(Dataset items)
····················
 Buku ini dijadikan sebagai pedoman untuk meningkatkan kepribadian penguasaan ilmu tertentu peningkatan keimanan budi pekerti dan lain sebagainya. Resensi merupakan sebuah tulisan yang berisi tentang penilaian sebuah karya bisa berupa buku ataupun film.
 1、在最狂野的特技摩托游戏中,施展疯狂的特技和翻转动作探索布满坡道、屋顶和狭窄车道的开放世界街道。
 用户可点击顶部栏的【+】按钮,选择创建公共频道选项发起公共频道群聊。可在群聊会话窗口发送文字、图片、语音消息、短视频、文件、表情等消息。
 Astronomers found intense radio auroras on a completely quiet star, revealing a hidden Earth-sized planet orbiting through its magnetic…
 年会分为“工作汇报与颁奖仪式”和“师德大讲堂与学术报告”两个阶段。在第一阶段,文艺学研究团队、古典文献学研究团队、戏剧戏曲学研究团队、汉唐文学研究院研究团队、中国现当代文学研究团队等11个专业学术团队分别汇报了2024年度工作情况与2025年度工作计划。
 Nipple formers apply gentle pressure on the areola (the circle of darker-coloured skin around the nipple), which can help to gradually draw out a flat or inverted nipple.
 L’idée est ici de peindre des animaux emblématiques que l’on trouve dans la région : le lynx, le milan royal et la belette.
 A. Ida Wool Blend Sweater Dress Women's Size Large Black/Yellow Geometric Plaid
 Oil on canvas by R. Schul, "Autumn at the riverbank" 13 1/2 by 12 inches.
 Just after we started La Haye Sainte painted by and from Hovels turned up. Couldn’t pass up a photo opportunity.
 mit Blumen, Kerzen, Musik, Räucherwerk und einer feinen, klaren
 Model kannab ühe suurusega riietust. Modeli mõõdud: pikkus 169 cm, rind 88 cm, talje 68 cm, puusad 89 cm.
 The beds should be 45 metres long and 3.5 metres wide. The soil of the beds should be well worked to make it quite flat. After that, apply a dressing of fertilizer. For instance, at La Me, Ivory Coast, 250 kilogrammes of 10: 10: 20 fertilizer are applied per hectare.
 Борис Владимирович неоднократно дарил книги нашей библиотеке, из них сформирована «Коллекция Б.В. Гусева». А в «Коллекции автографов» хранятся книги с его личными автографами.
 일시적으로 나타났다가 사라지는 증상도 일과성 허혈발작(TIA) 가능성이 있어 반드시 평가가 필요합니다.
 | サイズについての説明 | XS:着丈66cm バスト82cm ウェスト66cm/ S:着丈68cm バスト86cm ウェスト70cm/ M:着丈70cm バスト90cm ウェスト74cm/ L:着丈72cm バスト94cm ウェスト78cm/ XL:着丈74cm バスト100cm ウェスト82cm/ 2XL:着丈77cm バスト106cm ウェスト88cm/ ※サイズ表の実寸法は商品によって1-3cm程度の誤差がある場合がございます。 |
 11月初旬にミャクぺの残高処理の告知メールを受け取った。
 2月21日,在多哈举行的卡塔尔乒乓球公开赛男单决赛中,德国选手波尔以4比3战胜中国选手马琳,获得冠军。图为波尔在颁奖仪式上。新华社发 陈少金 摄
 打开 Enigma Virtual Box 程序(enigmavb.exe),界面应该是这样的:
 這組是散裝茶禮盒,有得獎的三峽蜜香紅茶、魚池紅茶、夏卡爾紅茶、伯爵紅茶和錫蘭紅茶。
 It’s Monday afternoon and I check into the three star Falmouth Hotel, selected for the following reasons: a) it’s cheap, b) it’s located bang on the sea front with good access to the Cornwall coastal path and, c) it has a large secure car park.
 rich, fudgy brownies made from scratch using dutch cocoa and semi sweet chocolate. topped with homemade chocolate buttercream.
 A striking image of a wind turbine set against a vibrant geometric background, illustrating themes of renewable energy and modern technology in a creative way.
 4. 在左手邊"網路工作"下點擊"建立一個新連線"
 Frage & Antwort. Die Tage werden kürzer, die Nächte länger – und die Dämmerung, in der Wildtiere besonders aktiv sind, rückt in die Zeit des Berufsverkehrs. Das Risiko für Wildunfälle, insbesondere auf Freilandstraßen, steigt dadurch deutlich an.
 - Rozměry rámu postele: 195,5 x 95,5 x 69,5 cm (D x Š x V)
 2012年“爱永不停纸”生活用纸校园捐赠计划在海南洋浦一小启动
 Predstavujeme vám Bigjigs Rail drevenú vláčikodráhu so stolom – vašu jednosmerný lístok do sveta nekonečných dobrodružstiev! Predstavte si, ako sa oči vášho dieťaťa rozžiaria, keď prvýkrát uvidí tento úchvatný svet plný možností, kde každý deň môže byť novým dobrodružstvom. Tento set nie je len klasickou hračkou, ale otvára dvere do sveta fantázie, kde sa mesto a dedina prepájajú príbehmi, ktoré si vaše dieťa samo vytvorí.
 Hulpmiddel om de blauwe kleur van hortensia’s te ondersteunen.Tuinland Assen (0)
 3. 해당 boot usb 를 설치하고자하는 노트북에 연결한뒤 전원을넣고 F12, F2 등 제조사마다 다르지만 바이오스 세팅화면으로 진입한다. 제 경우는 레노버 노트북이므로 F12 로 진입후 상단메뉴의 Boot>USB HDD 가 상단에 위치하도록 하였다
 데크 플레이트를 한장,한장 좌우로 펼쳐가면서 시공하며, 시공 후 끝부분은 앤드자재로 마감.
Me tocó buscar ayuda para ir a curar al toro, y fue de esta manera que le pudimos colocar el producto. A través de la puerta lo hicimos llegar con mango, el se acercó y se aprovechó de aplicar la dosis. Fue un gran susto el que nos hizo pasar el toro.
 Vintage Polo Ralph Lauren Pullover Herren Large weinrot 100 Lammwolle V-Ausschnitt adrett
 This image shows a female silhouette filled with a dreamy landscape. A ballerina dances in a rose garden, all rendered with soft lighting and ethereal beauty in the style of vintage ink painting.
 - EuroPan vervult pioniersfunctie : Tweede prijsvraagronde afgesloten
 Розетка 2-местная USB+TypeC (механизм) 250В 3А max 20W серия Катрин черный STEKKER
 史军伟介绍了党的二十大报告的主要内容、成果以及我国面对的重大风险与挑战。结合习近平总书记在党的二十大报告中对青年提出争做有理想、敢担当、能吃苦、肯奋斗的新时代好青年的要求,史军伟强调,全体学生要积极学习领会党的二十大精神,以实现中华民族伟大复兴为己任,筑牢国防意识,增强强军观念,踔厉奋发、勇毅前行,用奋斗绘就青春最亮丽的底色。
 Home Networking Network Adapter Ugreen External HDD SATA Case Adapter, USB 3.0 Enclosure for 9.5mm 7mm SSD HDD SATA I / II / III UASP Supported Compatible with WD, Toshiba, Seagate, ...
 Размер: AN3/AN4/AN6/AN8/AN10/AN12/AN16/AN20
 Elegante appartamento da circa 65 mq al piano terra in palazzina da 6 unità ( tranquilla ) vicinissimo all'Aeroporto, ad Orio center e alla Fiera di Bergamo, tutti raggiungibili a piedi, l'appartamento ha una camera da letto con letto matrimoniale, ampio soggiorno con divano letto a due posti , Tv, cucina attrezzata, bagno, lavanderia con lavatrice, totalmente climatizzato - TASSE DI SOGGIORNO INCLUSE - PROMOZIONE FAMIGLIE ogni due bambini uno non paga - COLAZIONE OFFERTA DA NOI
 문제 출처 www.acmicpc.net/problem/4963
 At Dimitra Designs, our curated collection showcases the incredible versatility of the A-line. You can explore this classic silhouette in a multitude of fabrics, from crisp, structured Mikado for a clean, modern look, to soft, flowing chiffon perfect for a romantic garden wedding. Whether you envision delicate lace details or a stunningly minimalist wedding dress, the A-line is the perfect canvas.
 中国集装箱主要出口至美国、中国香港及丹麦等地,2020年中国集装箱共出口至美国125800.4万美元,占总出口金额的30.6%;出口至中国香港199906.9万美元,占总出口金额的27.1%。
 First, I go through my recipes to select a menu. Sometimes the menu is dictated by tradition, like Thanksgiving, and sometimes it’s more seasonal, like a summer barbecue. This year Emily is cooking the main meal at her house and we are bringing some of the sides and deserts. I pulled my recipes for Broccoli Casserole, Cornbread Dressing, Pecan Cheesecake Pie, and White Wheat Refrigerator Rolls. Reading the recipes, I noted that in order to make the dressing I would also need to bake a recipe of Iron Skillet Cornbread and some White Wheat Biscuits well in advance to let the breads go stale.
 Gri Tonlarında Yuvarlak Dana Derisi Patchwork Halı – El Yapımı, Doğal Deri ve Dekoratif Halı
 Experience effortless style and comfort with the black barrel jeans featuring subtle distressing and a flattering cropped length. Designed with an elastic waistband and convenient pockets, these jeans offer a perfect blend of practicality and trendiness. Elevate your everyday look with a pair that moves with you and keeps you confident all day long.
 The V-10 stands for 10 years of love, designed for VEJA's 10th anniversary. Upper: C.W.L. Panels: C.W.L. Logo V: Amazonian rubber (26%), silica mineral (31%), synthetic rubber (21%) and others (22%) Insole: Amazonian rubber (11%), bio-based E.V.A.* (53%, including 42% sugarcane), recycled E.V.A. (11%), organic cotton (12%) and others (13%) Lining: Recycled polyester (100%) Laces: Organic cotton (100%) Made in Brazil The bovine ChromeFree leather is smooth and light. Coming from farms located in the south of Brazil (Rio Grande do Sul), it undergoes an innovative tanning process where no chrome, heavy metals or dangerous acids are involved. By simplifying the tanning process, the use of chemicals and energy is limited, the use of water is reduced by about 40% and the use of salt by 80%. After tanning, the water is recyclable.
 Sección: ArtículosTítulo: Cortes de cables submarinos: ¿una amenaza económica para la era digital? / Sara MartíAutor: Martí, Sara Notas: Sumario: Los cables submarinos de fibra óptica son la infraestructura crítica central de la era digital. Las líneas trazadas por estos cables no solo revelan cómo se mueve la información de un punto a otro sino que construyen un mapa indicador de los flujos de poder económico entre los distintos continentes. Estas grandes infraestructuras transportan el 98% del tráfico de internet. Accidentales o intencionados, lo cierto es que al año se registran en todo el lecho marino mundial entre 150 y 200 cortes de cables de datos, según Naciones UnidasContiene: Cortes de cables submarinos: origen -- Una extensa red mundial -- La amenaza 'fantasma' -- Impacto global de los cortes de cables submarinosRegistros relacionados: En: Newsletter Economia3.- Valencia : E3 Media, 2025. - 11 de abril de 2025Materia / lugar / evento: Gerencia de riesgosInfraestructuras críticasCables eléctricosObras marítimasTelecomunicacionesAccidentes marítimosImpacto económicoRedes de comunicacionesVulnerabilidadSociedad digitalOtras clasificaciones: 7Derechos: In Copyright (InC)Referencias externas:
····················
Action item :: Copy the entries word for word. Start at the first line and end with the line containing "用户可点击顶部栏的【+】按钮".

Expected answer ::
 Buku ini dijadikan sebagai pedoman untuk meningkatkan kepribadian penguasaan ilmu tertentu peningkatan keimanan budi pekerti dan lain sebagainya. Resensi merupakan sebuah tulisan yang berisi tentang penilaian sebuah karya bisa berupa buku ataupun film.
 1、在最狂野的特技摩托游戏中,施展疯狂的特技和翻转动作探索布满坡道、屋顶和狭窄车道的开放世界街道。
 用户可点击顶部栏的【+】按钮,选择创建公共频道选项发起公共频道群聊。可在群聊会话窗口发送文字、图片、语音消息、短视频、文件、表情等消息。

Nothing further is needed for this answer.